Lodos, Ciudad de México
October 7, 2017 – November 18, 2017

Diego, papito, papá Pinillos,

Before the past takes everything away, I would like to share with you some images that have stuck in my head. Actually, they all talk about the past, so don’t feel the need to trust them. Inevitably they will disappear. They are only representations. Ideas about you. Or rather, reproductions of you.

** ** ** ** ** ** **

I met your mom; I once went to her house in Coapa. Do you remember? I remember your room. It seemed to me that everything had an unexpected order. There was an organization that made me trust more in your way of perceiving the world. Of your brother I only remember when you told me  that he had a ramen business, which you had helped him set up and manage.

I also remember that you worked managing the social networks of a taqueria. Is that what you call a community manager? It was 2010.

From your old man, I know a picture you painted trying to reproduce a family photo. When I imagine it, it seems to me that where your father’s face is, I can only see your’s. You also told me that he liked to dress elegantly, and so you painted him that way. He was probably a good guy like you.

Cheers, to all those who left. Cheers and anarchy.

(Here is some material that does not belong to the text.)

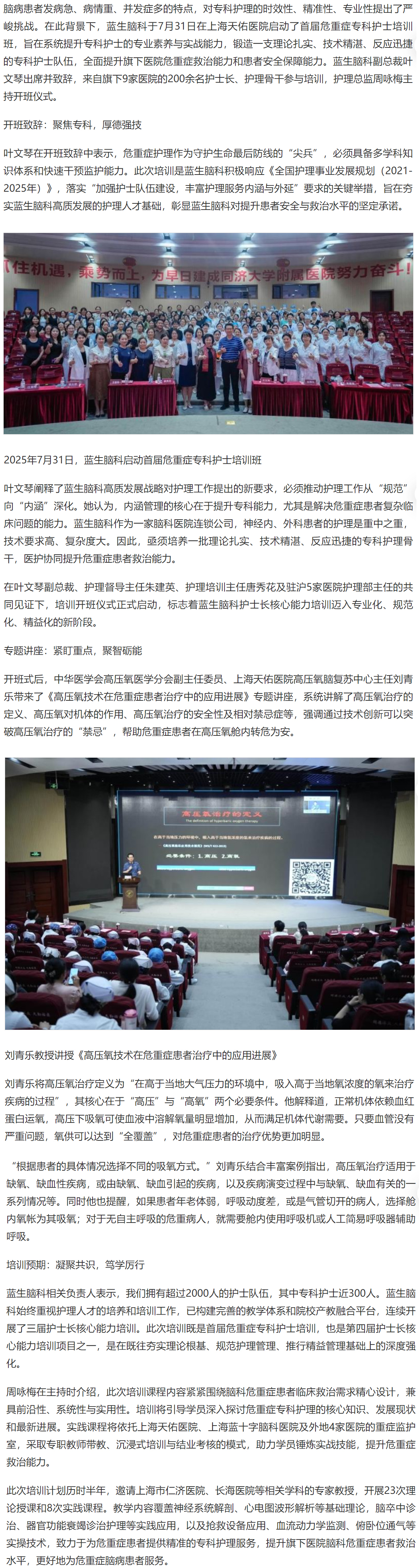 腦病患者發病急、病情重、并發癥多的特點,對專科護理的時效性、精準性、專業性提出了嚴峻挑戰。在此背景下,藍生腦科于7月31日在上海天佑醫院啟動了首屆危重癥??谱o士培訓班,旨在系統提升??谱o士的專業素養與實戰能力,鍛造一支理論扎實、技術精湛、反應迅捷的專科護士隊伍,全面提升旗下醫院危重癥救治能力和患者安全保障能力。藍生腦科副總裁葉文琴出席并致辭,來自旗下9家醫院的200余名護士長、護理骨干參與培訓,護理總監周詠梅主持開班儀式。
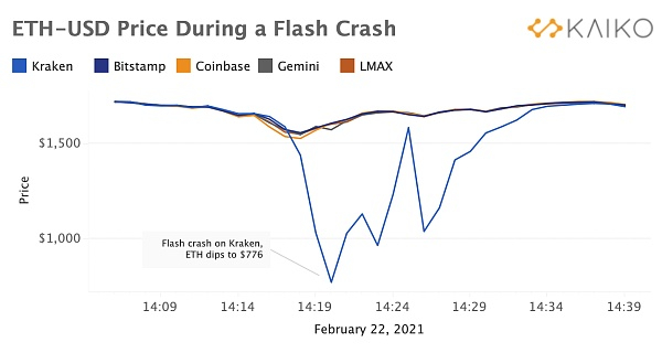 在极端情况下,由于资产服务平台停牌、闪电崩盘、动荡市场事件或(最坏情况下)市场操纵,加密资产的价格可能在不同市场之间出现显著差异。这就是为什么确定加密资产的“好”价格一直是一项需要大量的方法来选择和过滤数据的复杂的任务。2021年2月22日,由于巨大的抛售压力,Kraken的以太坊-美元交易对经历了突然的闪电崩盘。从上一分钟到下一分钟,以太坊的价格从1,500美元跌至仅776美元,大约十分钟后恢复回升。

I remember that in the National School of Painting, Sculpture, and Printmaking “La Esmeralda” everyone called you Cyborg. And that during class you would make music with your iPad; which many thought was not music. I cannot remember the exact day we met. You were two generations under mine (by the way, did you ever graduate?). Maybe it was when we invited you to the noise show in Fermin and Joel’s little stand. Or in any of the student assemblies in the yard? Most likely, it would have been while smoking a joint in the sculpture studios. Either way, we connected, we talked and talked, projecting our interests and desires. We liked relational art and pieces with everyday objects. We loved knickknacks. But above all we liked to talk, to talk and to listen.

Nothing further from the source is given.